------ SOURCE DATA

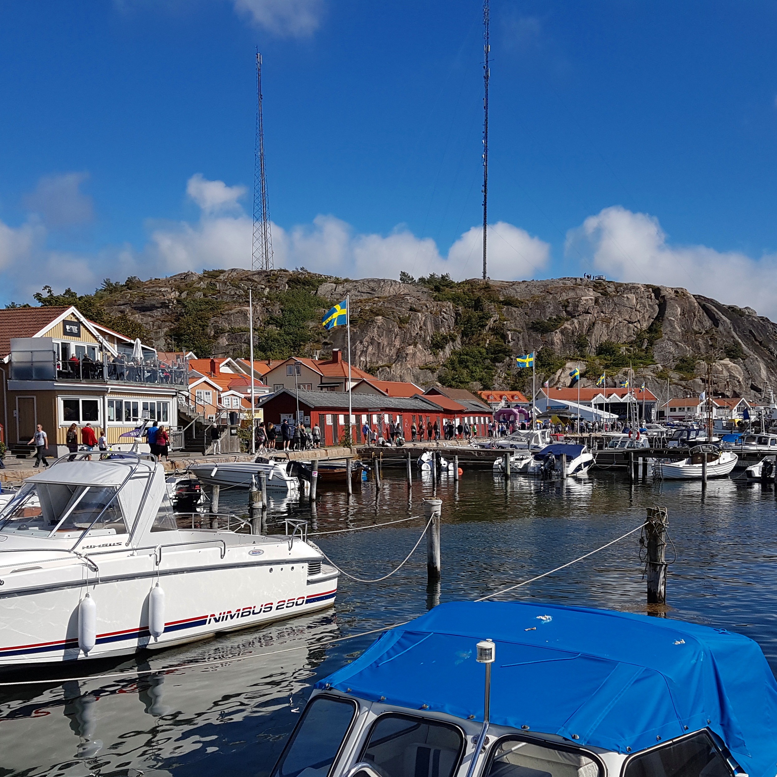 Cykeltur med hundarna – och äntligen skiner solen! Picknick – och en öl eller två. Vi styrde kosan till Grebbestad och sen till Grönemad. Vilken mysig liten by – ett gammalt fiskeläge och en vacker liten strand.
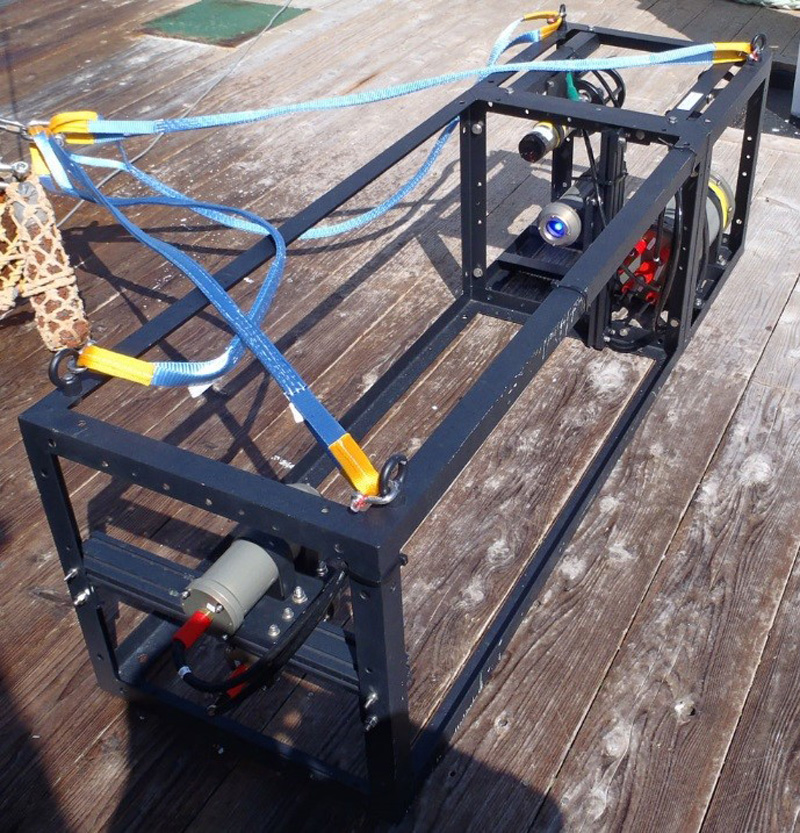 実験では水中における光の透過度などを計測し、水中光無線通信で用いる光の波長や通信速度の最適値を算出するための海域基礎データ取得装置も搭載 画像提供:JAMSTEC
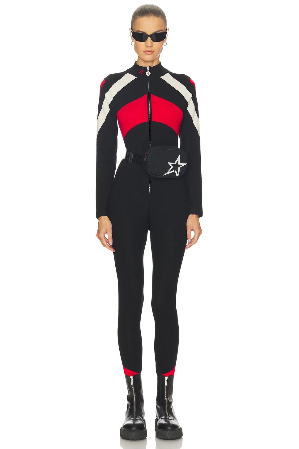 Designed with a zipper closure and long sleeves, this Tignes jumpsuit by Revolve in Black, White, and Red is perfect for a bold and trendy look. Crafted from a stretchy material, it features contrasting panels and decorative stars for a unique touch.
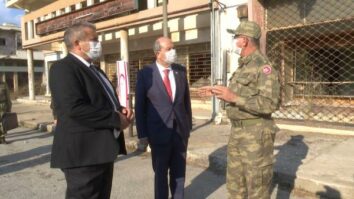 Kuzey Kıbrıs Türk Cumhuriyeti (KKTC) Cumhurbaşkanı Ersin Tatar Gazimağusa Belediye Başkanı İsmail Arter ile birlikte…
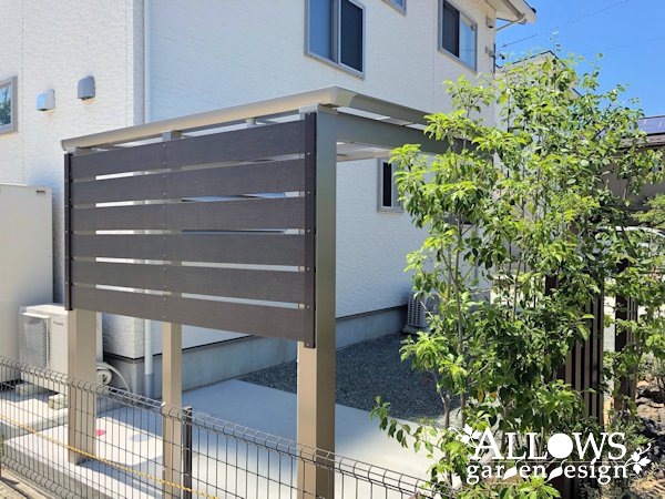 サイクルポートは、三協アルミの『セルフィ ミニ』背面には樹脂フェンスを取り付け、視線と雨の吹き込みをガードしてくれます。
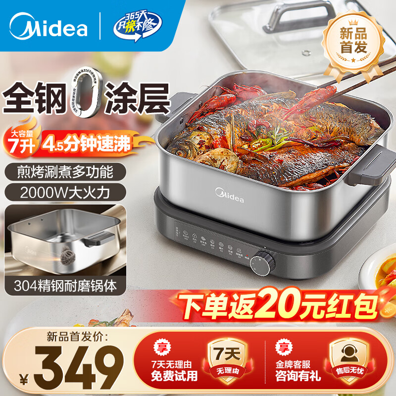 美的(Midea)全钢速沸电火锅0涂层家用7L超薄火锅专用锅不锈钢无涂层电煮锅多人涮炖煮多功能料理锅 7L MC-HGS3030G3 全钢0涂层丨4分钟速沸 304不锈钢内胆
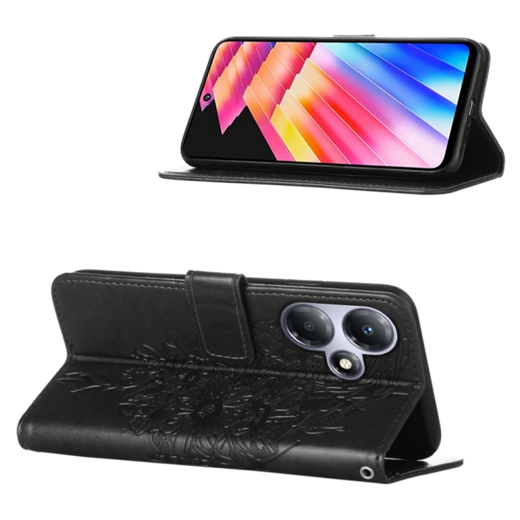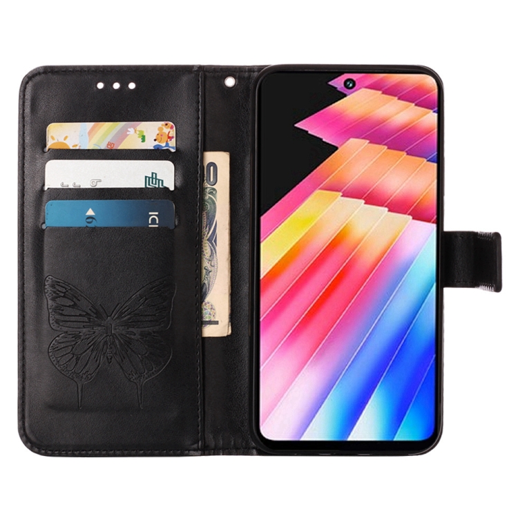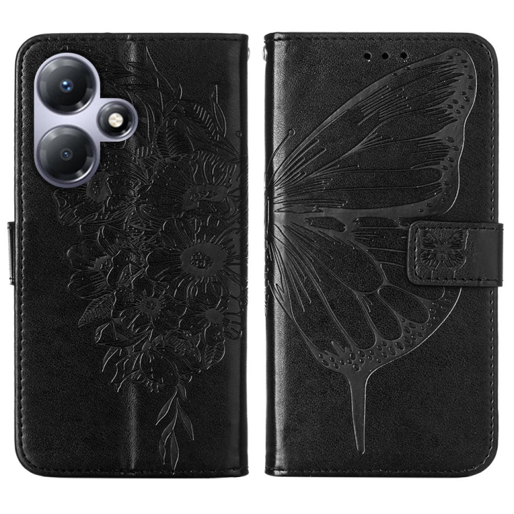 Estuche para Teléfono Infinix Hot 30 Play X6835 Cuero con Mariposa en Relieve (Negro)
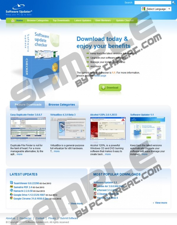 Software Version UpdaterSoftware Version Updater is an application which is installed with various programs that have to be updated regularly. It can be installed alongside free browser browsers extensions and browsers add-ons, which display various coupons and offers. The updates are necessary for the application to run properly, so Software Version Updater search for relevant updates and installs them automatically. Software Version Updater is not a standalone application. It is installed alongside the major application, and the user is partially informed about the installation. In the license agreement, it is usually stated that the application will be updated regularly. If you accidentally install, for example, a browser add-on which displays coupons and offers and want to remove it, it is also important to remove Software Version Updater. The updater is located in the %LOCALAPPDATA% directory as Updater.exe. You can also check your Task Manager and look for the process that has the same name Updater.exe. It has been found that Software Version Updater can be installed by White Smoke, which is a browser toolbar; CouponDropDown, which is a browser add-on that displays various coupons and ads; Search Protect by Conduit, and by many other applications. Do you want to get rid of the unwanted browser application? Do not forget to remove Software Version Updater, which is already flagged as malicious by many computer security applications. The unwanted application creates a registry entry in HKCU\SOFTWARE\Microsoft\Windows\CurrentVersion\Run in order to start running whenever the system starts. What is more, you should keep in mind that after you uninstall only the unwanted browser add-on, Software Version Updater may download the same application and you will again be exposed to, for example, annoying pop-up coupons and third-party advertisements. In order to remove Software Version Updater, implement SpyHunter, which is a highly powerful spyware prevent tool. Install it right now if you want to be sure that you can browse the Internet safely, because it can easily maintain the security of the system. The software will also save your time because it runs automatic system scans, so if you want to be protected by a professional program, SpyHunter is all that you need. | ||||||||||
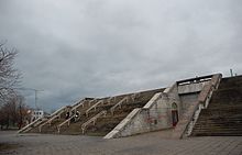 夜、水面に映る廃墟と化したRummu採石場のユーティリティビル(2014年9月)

------------

▶ INSTRUCTIONS FOR THE TASK: Here the job is to print the data above exactly, except for any pictures.

▶ PROBLEM SOLUTION:
 Cykeltur med hundarna – och äntligen skiner solen! Picknick – och en öl eller två. Vi styrde kosan till Grebbestad och sen till Grönemad. Vilken mysig liten by – ett gammalt fiskeläge och en vacker liten strand.
 実験では水中における光の透過度などを計測し、水中光無線通信で用いる光の波長や通信速度の最適値を算出するための海域基礎データ取得装置も搭載 画像提供:JAMSTEC
 Designed with a zipper closure and long sleeves, this Tignes jumpsuit by Revolve in Black, White, and Red is perfect for a bold and trendy look. Crafted from a stretchy material, it features contrasting panels and decorative stars for a unique touch.
 Kuzey Kıbrıs Türk Cumhuriyeti (KKTC) Cumhurbaşkanı Ersin Tatar Gazimağusa Belediye Başkanı İsmail Arter ile birlikte…
 サイクルポートは、三協アルミの『セルフィ ミニ』背面には樹脂フェンスを取り付け、視線と雨の吹き込みをガードしてくれます。
 美的(Midea)全钢速沸电火锅0涂层家用7L超薄火锅专用锅不锈钢无涂层电煮锅多人涮炖煮多功能料理锅 7L MC-HGS3030G3 全钢0涂层丨4分钟速沸 304不锈钢内胆
 Estuche para Teléfono Infinix Hot 30 Play X6835 Cuero con Mariposa en Relieve (Negro)
 Software Version UpdaterSoftware Version Updater is an application which is installed with various programs that have to be updated regularly. It can be installed alongside free browser browsers extensions and browsers add-ons, which display various coupons and offers. The updates are necessary for the application to run properly, so Software Version Updater search for relevant updates and installs them automatically. Software Version Updater is not a standalone application. It is installed alongside the major application, and the user is partially informed about the installation. In the license agreement, it is usually stated that the application will be updated regularly. If you accidentally install, for example, a browser add-on which displays coupons and offers and want to remove it, it is also important to remove Software Version Updater. The updater is located in the %LOCALAPPDATA% directory as Updater.exe. You can also check your Task Manager and look for the process that has the same name Updater.exe. It has been found that Software Version Updater can be installed by White Smoke, which is a browser toolbar; CouponDropDown, which is a browser add-on that displays various coupons and ads; Search Protect by Conduit, and by many other applications. Do you want to get rid of the unwanted browser application? Do not forget to remove Software Version Updater, which is already flagged as malicious by many computer security applications. The unwanted application creates a registry entry in HKCU\SOFTWARE\Microsoft\Windows\CurrentVersion\Run in order to start running whenever the system starts. What is more, you should keep in mind that after you uninstall only the unwanted browser add-on, Software Version Updater may download the same application and you will again be exposed to, for example, annoying pop-up coupons and third-party advertisements. In order to remove Software Version Updater, implement SpyHunter, which is a highly powerful spyware prevent tool. Install it right now if you want to be sure that you can browse the Internet safely, because it can easily maintain the security of the system. The software will also save your time because it runs automatic system scans, so if you want to be protected by a professional program, SpyHunter is all that you need. | ||||||||||
 夜、水面に映る廃墟と化したRummu採石場のユーティリティビル(2014年9月)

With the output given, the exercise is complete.